Strict-aliasing in GCC
Ian Lance Taylor
iant@google.com
Tue Jun 1 06:49:00 GMT 2010
Jan Engelhardt <jengelh@medozas.de> writes:
> In http://gcc.gnu.org/bugzilla/show_bug.cgi?id=43637 , I had a case
> where I apparently ran into strict-aliasing artifacts. As Richard
> Guenther points out in comment #2, I may have dereferenced through a
> pointer of wrong type.
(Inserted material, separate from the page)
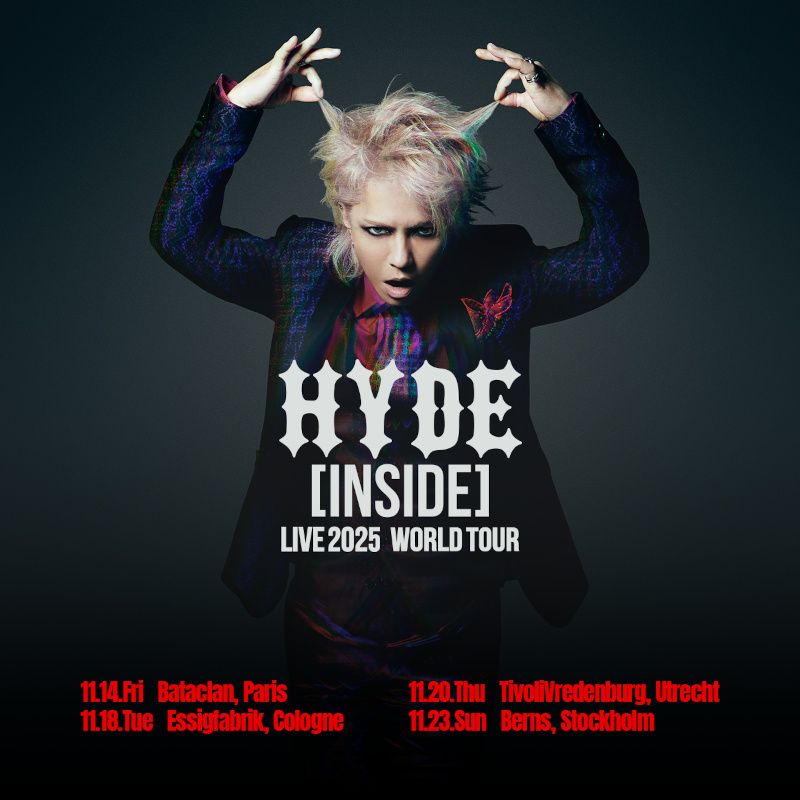HYDE hat vier weitere Termine für seine HYDE [INSIDE] LIVE 2025 WORLD TOUR angekündigt. Die neuen Tourneestationen sind Frankreich, Deutschland, die Niederlande und Schweden. Es ist HYDEs erster Auftritt in dieser Region seit der UK-Tournee seiner Band VAMPS im Jahr 2015. Dank zahlreicher begeisterter Anfragen aus aller Welt wird die Welttournee mit 24 Konzerten in 16 Städten die größte in HYDEs Karriere sein.

Yet I could not quite spot that yet as I added in
> comment #3.
> If somebody has a deeper insight into C's spots of undefinedness, a
> reply would be greatly appreciated.
#ifndef containerof
# define containerof(var, type, member) \
(type *)((char *)var - offsetof(type, member))
#endif
#define list_entry(ptr, type, member) containerof((ptr), type, member)
struct list_head {
struct list_head *next, *prev;
};
#define LIST_HEAD_INIT(name) {&(name), &(name)}
#define LIST_HEAD(name) \
struct list_head name = LIST_HEAD_INIT(name)
...
#define list_for_each_entry(pos, head, member) \
for ((pos) = list_entry((head)->next, typeof(*(pos)), member); \
&(pos)->member != (void *)(head); \
(pos) = list_entry((pos)->member.next, typeof(*(pos)), member))
...
int main(void)
{
LIST_HEAD(clh);
LIST_HEAD(lh);
struct item *pos;
list_add_tail(&clh, &lh);
list_for_each_entry(pos, &clh, list)
This is going to expand into
for ((pos) = list_entry((&clh)->next, typeof(*(pos)), member);
==>
for ((pos) = containerof(((&clh)->next), typeof(*(pos)), member)
==>
for ((pos) = (typeof(*(pos)) *)((char *)((&clh)->next) - offsetof(...)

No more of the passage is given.